• Instructions for the task
Without any pictures, print the lines below from the one that has "Fig.2 PAM (Polyacrylamide)" through the one that has "PIKAKE VETERE SUSTAINABILITY", exactly and nothing else.

[Records from a data source]
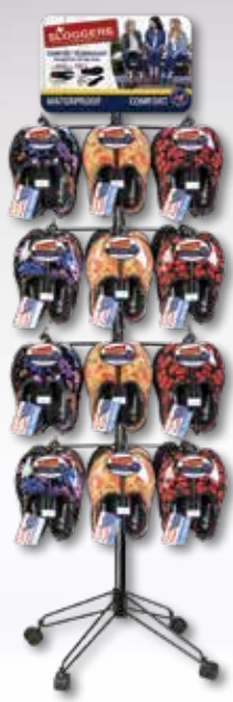
197ZZ Display Rack

Must order 96 hats, see minimum order requirements.
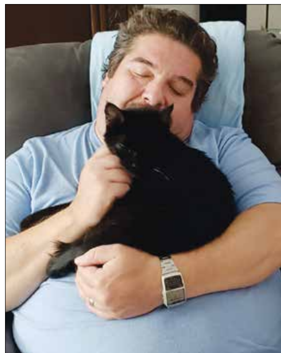
Oscar and Felix love to cuddle with their humans on the couch and always be the center of attention!
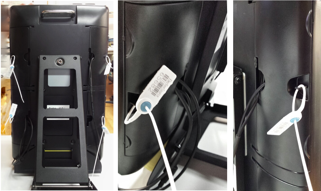
Figure A-5: ImageCast ® X Prime security seals

The images below show how the plastic seals should look when used on the ImageCast ® X Prime device.
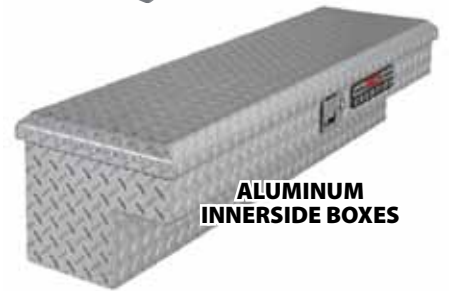
ALUMINUM INNERSIDE BOXES
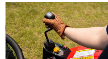
6. Joystick control for front-end loader
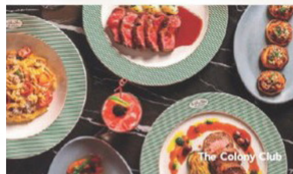
The Colony Club
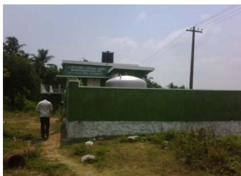
ARWSS Parali – Idling water treatment plant

Thus all the three test-checked Panchayats lacked access to safe drinking water as envisaged in ARWSP, as there were no comprehensive water supply schemes.
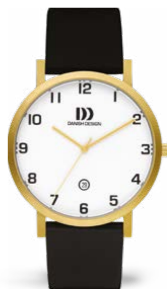
SATIN GOLD LARGE IQ15Q1107

CASE MATERIAL: Titanium CASE DIAMETER: 30mm / 40mm STRAP MATERIAL: Leather GLASS: Mineral Crystal WATER RESISTANCE: 3 ATM CASE THICKNESS: 6,0mm / 7,5mm STRAP LOCK: Buckle STRAP WIDTH: 16mm / 20mm MOVEMENT: Miyota GL30 / Miyota GM10 FUNCTION: Date
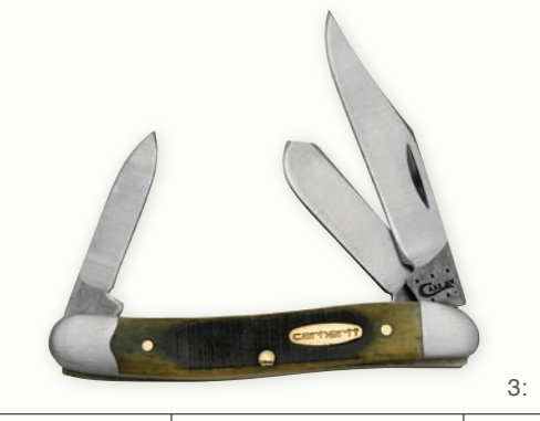
63087 SS 33/8" (8.57 cm) closed 1.8 oz
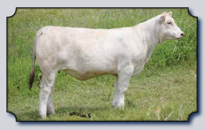
WEAVERS DOKIS 1723 SELLING AS LOT 26B
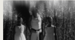
PARADISE CHILD 00:04:11
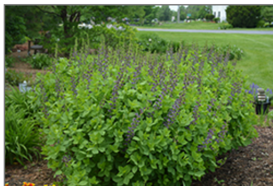
Indigo Spires False Indigo in bloom
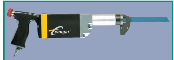
CL Saws - For Demanding Maintenance Applications
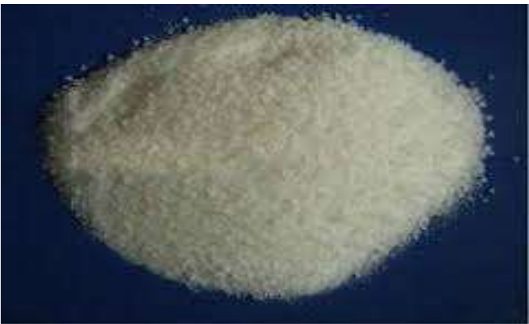
Fig.2 PAM (Polyacrylamide)

PAM is a polymer (-CH<sub>2</sub>CHCONH<sub>2</sub>-) formed from acrylamide subunits. It can be synthesized as a simple linear-chain structure or cross-linked, typically using N.N methylenebisacrylamide. In the cross-linked form, the possibility of the monomer being present is reduced even further. It is highly water-absorbent, forming a soft gel when hydrated, used in such applications as polyacrylamide gel electrophoresis, and can also be called ghost crystals when cross-linked, and in manufacturing soft contact_lenses. In the straight-chain form, it is also used as a thickener and suspending agent [2].
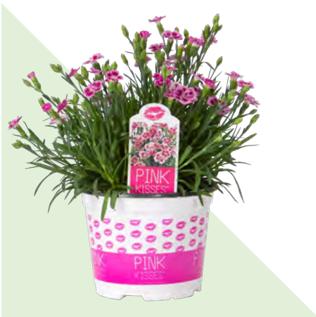
6" PINK KISS® DIANTHUS
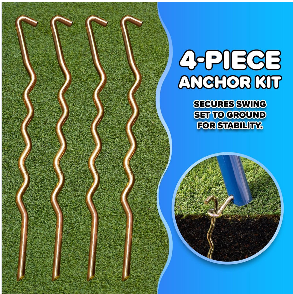
Image: The 4-piece anchor kit, consisting of wavy metal stakes, designed to secure the swing set firmly to the ground.
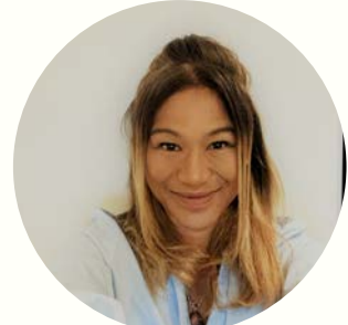
PIKAKE VETERE SUSTAINABILITY
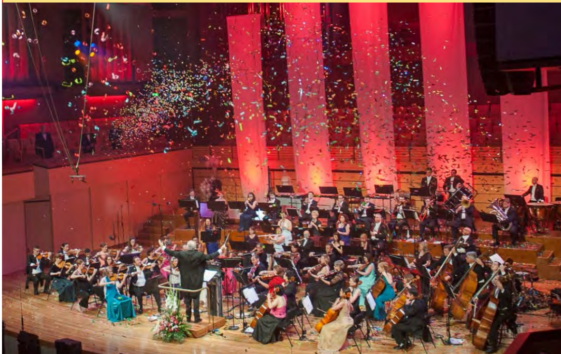
30th Anniversary Concert
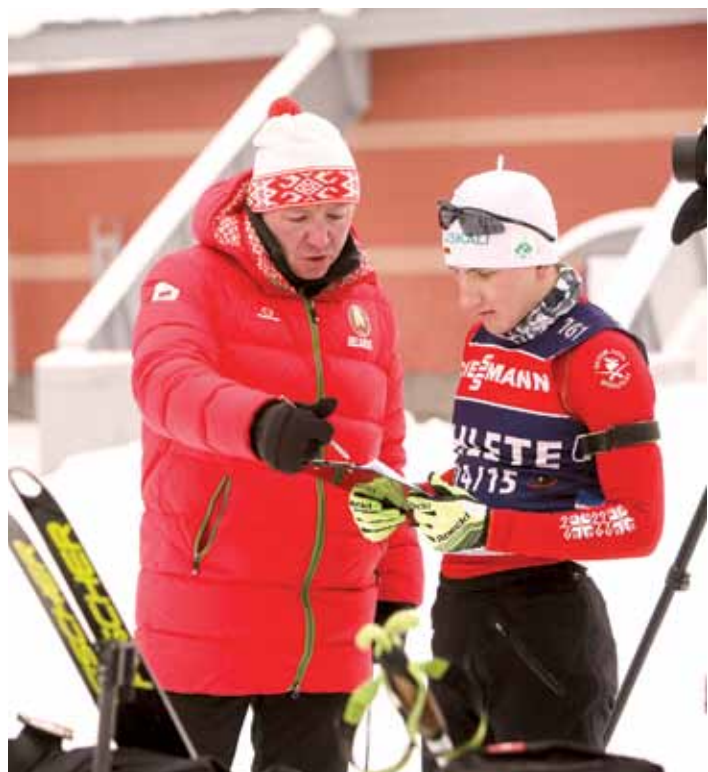
Training on the firing range
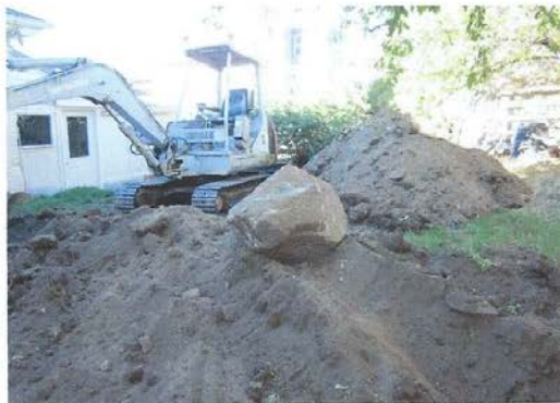
305 W. Granite ( During)

• Result of this task
Fig.2 PAM (Polyacrylamide)

PAM is a polymer (-CH<sub>2</sub>CHCONH<sub>2</sub>-) formed from acrylamide subunits. It can be synthesized as a simple linear-chain structure or cross-linked, typically using N.N methylenebisacrylamide. In the cross-linked form, the possibility of the monomer being present is reduced even further. It is highly water-absorbent, forming a soft gel when hydrated, used in such applications as polyacrylamide gel electrophoresis, and can also be called ghost crystals when cross-linked, and in manufacturing soft contact_lenses. In the straight-chain form, it is also used as a thickener and suspending agent [2].
6" PINK KISS® DIANTHUS
Image: The 4-piece anchor kit, consisting of wavy metal stakes, designed to secure the swing set firmly to the ground.
PIKAKE VETERE SUSTAINABILITY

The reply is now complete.